Exercise directions: Could you copy exactly the lines below from the one with "The topography is" to the one with "cartoon, cooking, woman", inclusive, leaving out any pictures?

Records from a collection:
Segment Open
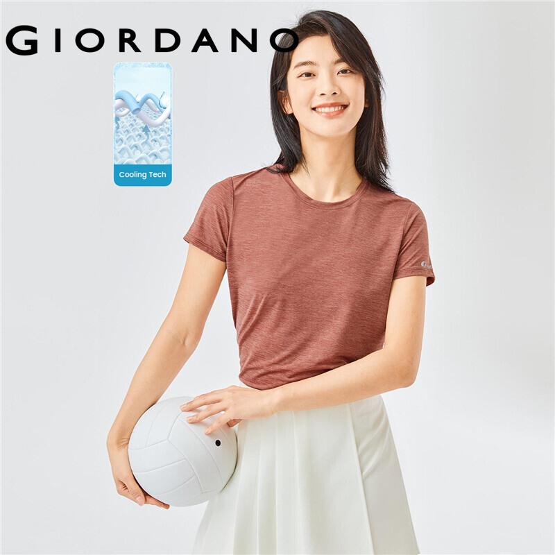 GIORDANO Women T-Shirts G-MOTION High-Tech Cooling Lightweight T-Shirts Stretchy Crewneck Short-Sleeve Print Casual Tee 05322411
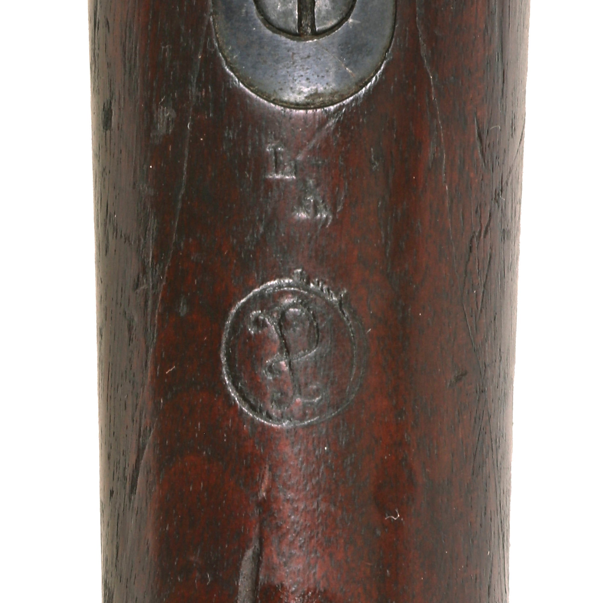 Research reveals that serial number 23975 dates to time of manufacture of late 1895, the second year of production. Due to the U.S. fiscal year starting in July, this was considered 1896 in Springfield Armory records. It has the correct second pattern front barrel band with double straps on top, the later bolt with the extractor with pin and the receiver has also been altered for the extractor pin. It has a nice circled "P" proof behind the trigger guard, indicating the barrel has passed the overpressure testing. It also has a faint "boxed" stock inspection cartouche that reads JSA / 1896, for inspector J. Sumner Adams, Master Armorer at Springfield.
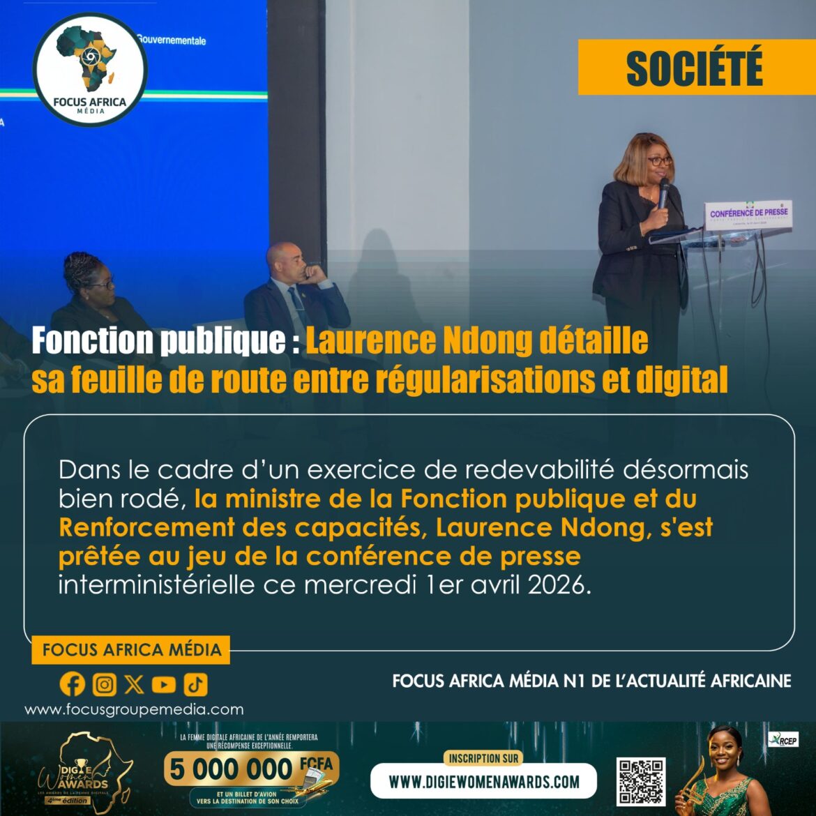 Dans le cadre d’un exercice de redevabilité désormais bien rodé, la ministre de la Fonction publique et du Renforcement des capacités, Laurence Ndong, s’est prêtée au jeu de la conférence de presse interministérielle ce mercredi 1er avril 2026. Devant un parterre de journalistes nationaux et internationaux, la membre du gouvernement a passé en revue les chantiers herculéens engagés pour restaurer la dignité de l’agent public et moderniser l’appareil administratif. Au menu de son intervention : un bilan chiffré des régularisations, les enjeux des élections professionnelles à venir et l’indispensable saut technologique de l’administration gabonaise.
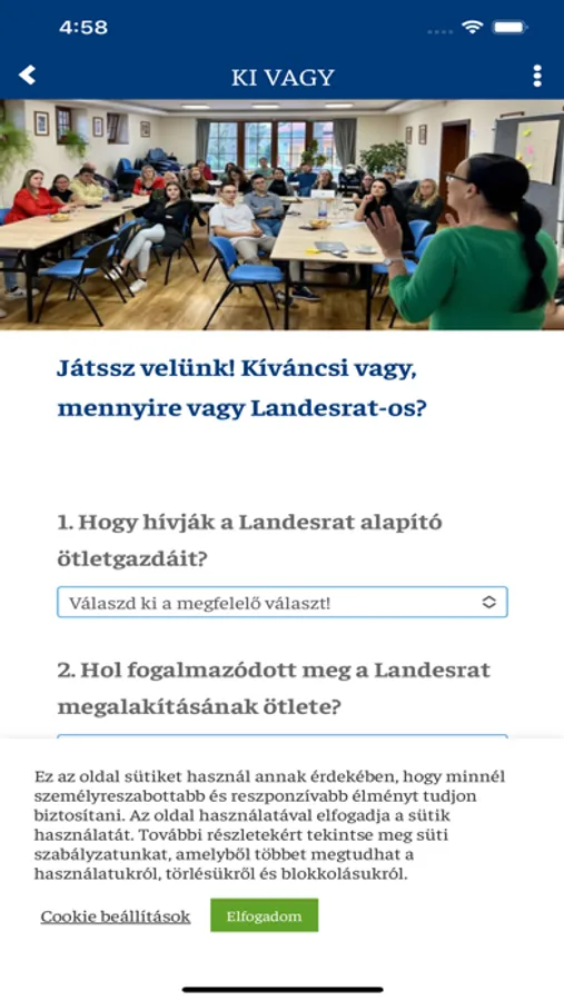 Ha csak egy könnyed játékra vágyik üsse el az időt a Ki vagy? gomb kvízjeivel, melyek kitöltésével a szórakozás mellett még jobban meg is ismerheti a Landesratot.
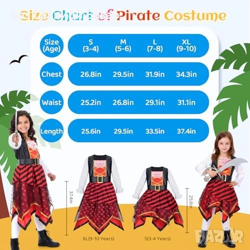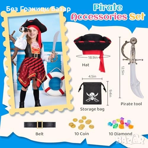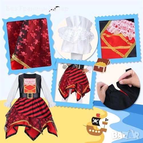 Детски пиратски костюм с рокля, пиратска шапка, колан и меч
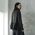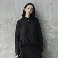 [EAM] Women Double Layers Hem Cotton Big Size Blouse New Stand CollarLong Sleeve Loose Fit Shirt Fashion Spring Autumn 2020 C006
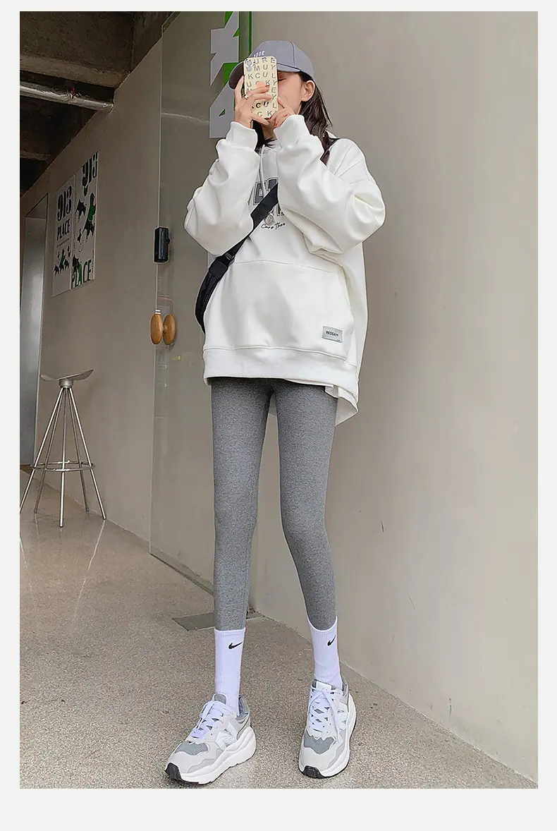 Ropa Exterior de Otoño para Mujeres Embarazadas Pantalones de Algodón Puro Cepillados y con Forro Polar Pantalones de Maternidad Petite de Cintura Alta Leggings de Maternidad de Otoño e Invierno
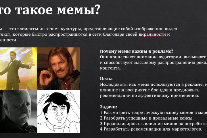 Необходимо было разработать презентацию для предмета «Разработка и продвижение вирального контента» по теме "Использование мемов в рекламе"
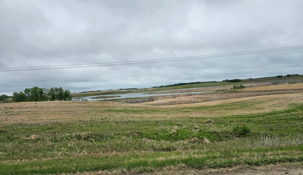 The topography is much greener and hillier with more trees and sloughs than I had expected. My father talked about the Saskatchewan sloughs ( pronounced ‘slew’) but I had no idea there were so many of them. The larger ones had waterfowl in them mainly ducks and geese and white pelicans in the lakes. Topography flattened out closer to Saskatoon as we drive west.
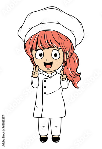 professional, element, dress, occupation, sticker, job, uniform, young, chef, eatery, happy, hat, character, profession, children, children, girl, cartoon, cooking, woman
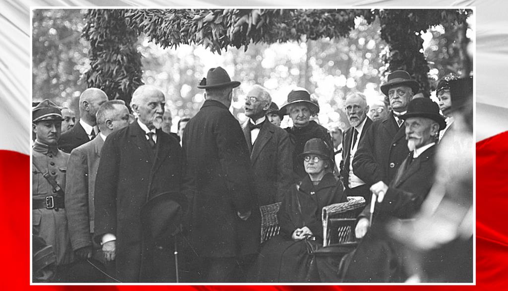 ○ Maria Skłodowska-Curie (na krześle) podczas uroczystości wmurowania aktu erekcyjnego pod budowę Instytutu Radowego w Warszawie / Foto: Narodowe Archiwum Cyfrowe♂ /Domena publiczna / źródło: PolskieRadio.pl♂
Segment Closed
Segment Open
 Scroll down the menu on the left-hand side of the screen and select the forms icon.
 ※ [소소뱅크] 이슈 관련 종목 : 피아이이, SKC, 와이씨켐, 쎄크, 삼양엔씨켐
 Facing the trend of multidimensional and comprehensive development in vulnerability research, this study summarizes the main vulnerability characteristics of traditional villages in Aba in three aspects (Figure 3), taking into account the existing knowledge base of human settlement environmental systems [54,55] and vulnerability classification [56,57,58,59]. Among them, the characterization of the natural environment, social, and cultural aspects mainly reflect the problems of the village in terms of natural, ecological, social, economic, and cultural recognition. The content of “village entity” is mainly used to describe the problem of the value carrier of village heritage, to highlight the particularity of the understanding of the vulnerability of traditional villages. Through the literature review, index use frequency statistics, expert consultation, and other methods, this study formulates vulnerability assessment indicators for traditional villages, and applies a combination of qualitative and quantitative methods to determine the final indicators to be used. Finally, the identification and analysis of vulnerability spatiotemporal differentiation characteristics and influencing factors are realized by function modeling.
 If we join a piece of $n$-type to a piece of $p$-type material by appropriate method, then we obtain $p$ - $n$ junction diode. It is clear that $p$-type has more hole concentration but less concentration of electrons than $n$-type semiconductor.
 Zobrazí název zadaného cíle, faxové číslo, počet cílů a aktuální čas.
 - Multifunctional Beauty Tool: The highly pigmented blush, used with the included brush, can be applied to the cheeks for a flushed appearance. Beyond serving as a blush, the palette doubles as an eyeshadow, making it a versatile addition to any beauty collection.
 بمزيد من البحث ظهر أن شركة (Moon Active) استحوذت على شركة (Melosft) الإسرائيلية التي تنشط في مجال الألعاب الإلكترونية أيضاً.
Segment Closed
Task answer:
 The topography is much greener and hillier with more trees and sloughs than I had expected. My father talked about the Saskatchewan sloughs ( pronounced ‘slew’) but I had no idea there were so many of them. The larger ones had waterfowl in them mainly ducks and geese and white pelicans in the lakes. Topography flattened out closer to Saskatoon as we drive west.
 professional, element, dress, occupation, sticker, job, uniform, young, chef, eatery, happy, hat, character, profession, children, children, girl, cartoon, cooking, woman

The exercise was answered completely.